One serving size is 2 bombs, and together they’re 15g total carbs and 11g net carbs.
Is pumpkin low carb or safe for diabetes?
It seems there’s always a question about whether or not pumpkin is “safe” for a diabetic. Pumpkin is low carb – 10g per half cup!
When it comes to this recipe, the only flagged ingredient is the banana, but there’s only enough to make it sweet.
If you’re worried about the banana or lack of protein, see Recipe Modifications.
Also, if you’re using pumpkin you gutted yourself (not the canned puree), save the pumpkin seeds because they’re nutritionally amazing! Toast them and add them to your yogurt or trail mix, or eat them alone as a snack.
I’ve found that the quality of coconut flour varies by brand. Some are not well ground, and some can be chalky.
Two brands that I know work well are Bob’s Red Mill and Better Body Foods.
The fat and carbs are decently balanced here, but if you want to kick up the protein, swap half of the coconut flour for your preferred protein powder. I’d stick to a vanilla flavor.
BUT, because coconut flour is so absorbent, you’ll have to triple the amount of protein powder.

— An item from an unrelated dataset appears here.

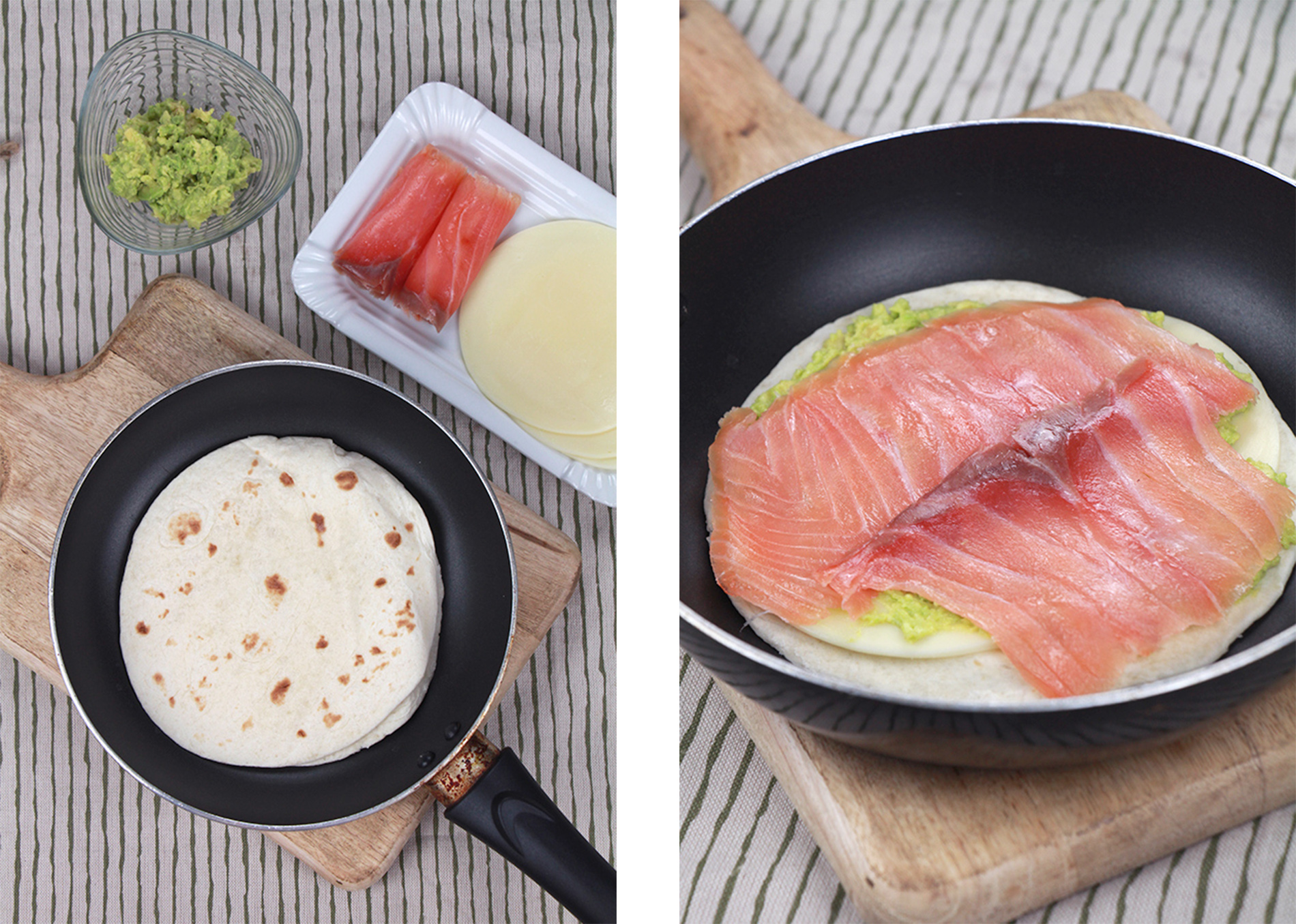 ¡Es muy sencillo! Simplemente tendremos que colocar una tortita en la sartén y encima el queso. Cubriremos con el puré de aguacate, asegurándonos que cubra toda la superficie. Encima colocaremos el salmón y taparemos con la segunda tortita.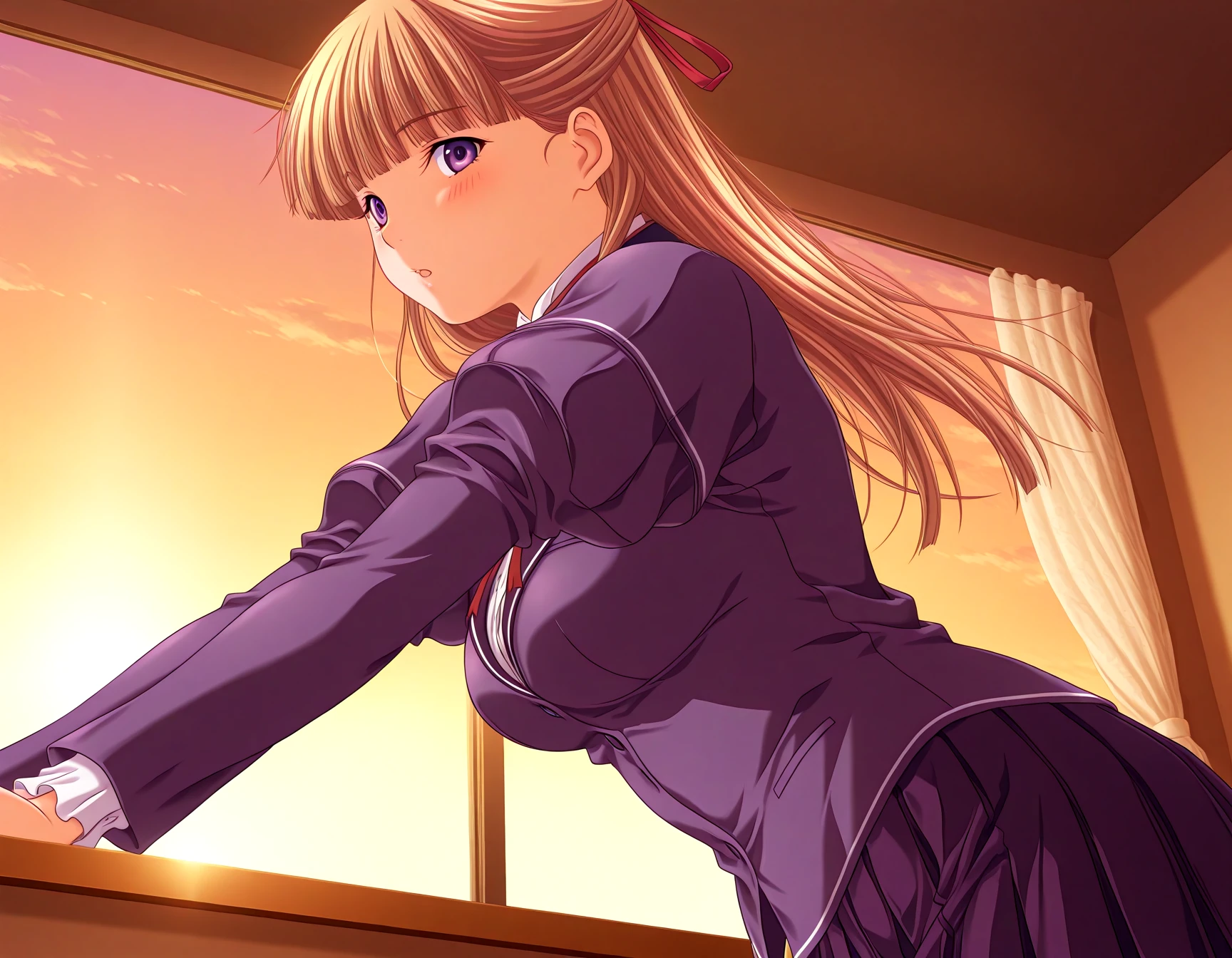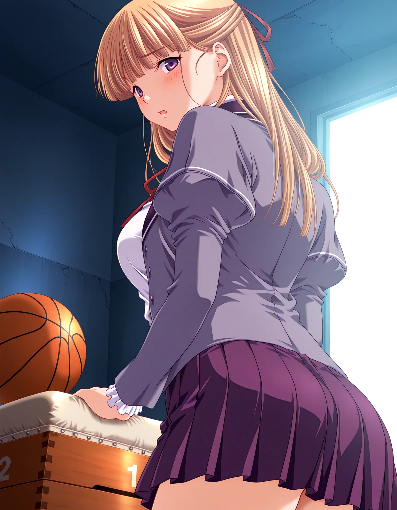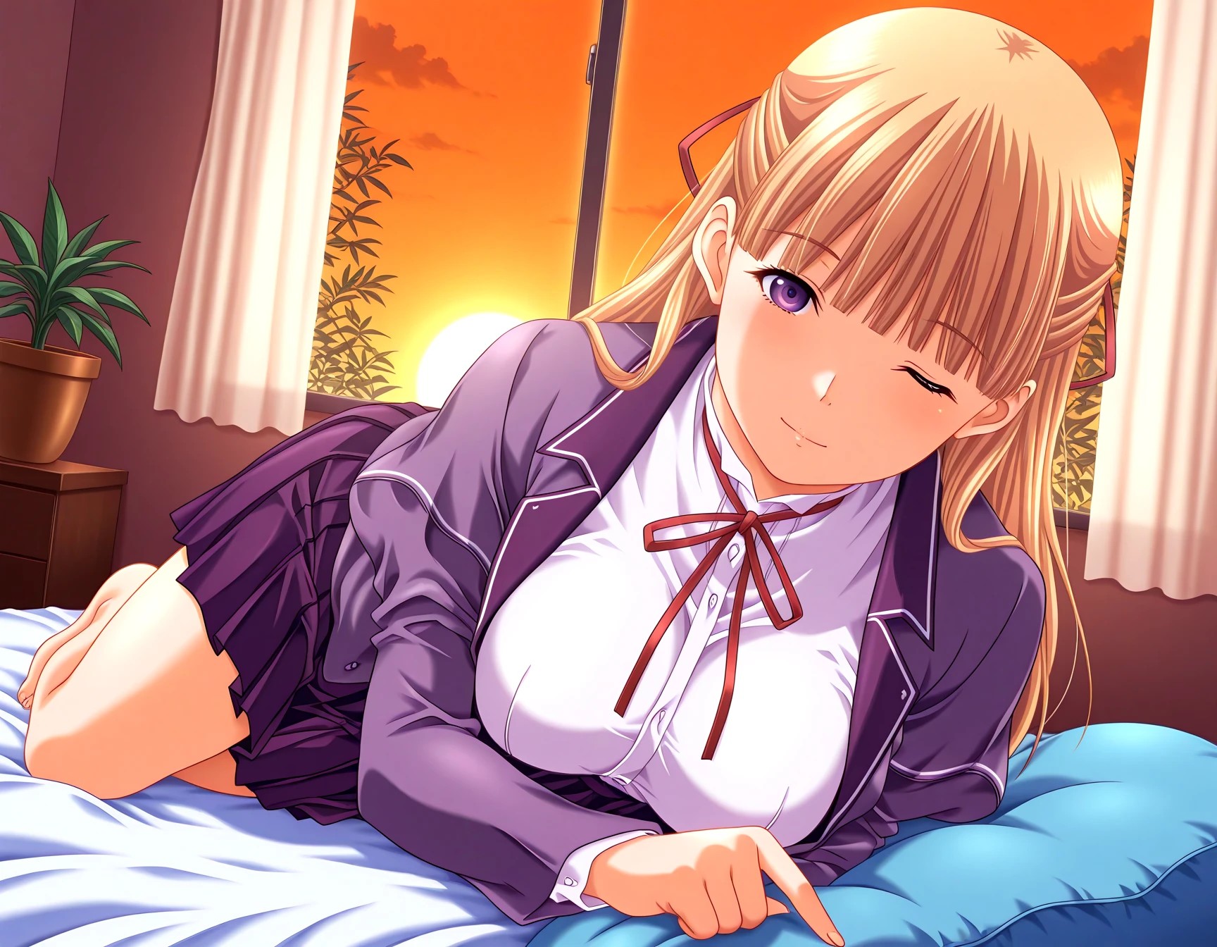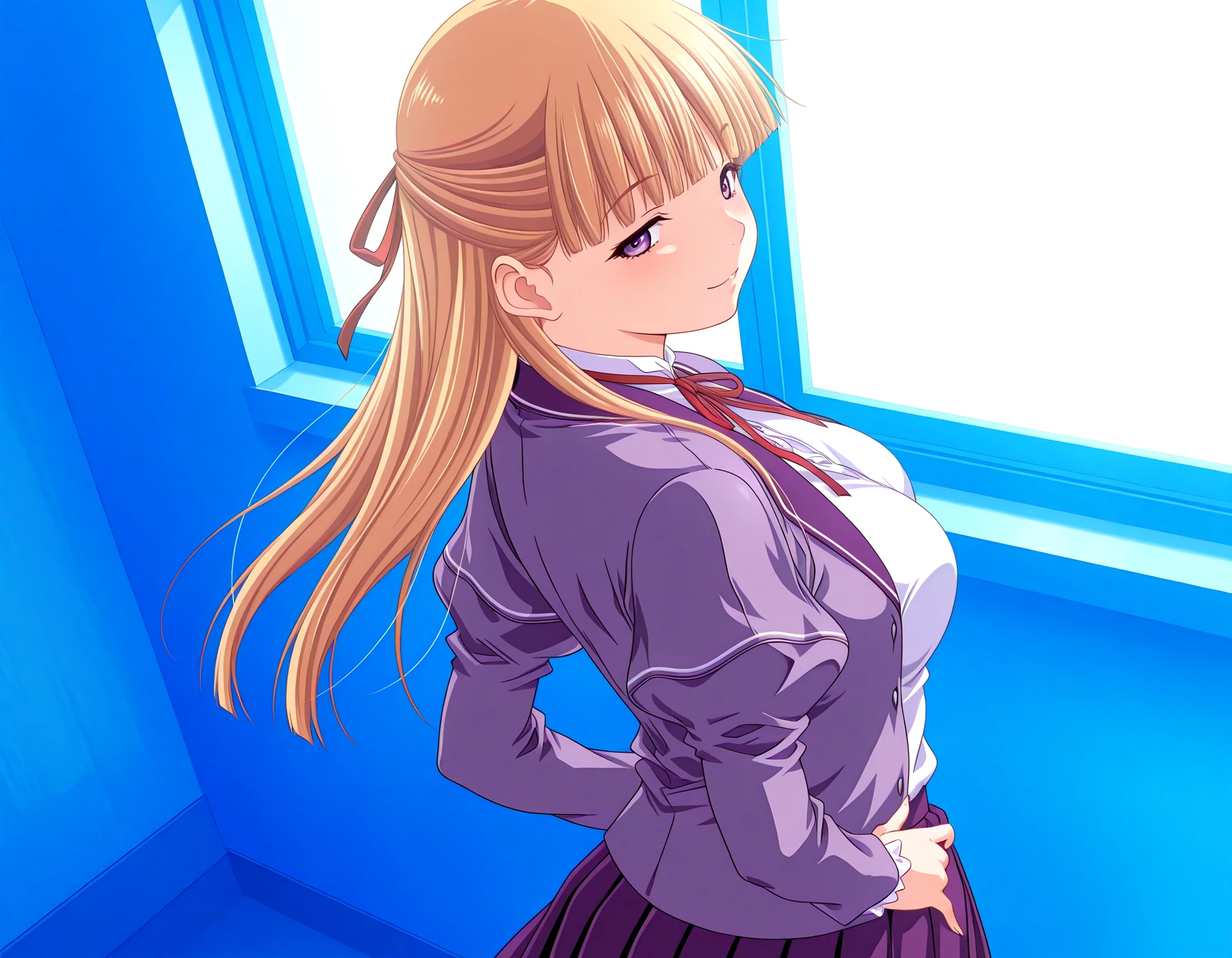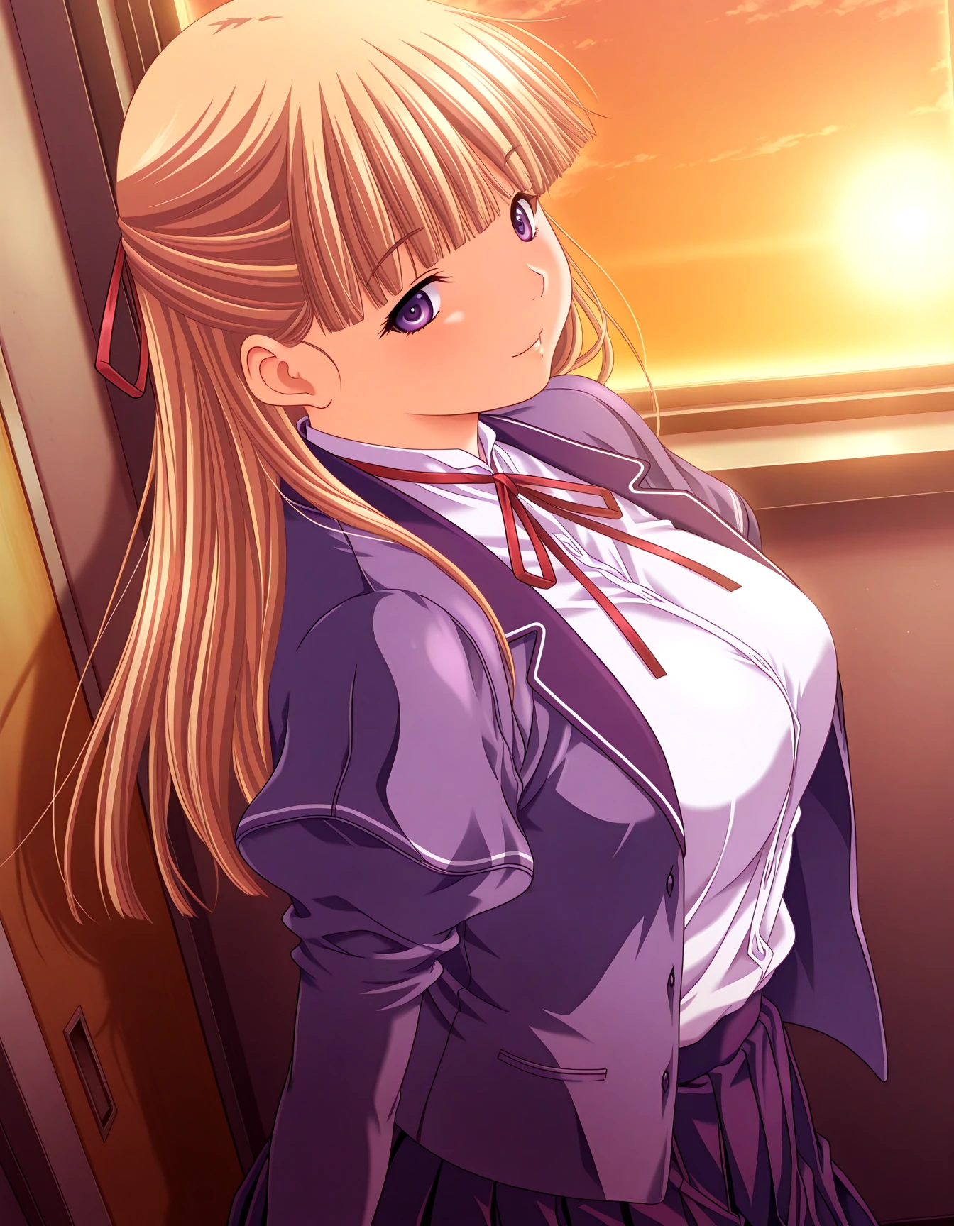 Kanzaki Asuka, 1girl, purple eyes, blonde hair, long hair, blunt bangs, half updo, hair ribbon, school uniform, purple jacket, collared shirt, white shirt, long sleeves, neck ribbon, pleated skirt, purple skirt, {|open jacket}Description

For example, the recipe calls for 2 tablespoons coconut flour. To add protein powder, take away 1 tablespoon of coconut flour, and add 3 tablespoons of protein powder.
You can replace the flour completely with protein powder, which means you’ll need about 6 tablespoons of protein powder. Ultimately, what you want is a wet sand texture for them to roll properly.
Another protein I like to add a lot of things is hulled hemp seeds. They’re mild in taste and have a soft texture. They’re also higher protein and lower carb than chia seeds.
In this recipe, they’ll add a little bit of texture but not enough to be off putting. It’s up to you how much you want to add, but if I were you I’d add a pinch to one ball first to try it out.
If you want to make these more like fat bombs, add 1 tablespoon of cream cheese or mascarpone to the recipe.
If you find the batter to be too sticky, add a sprinkle of flour and try rolling again.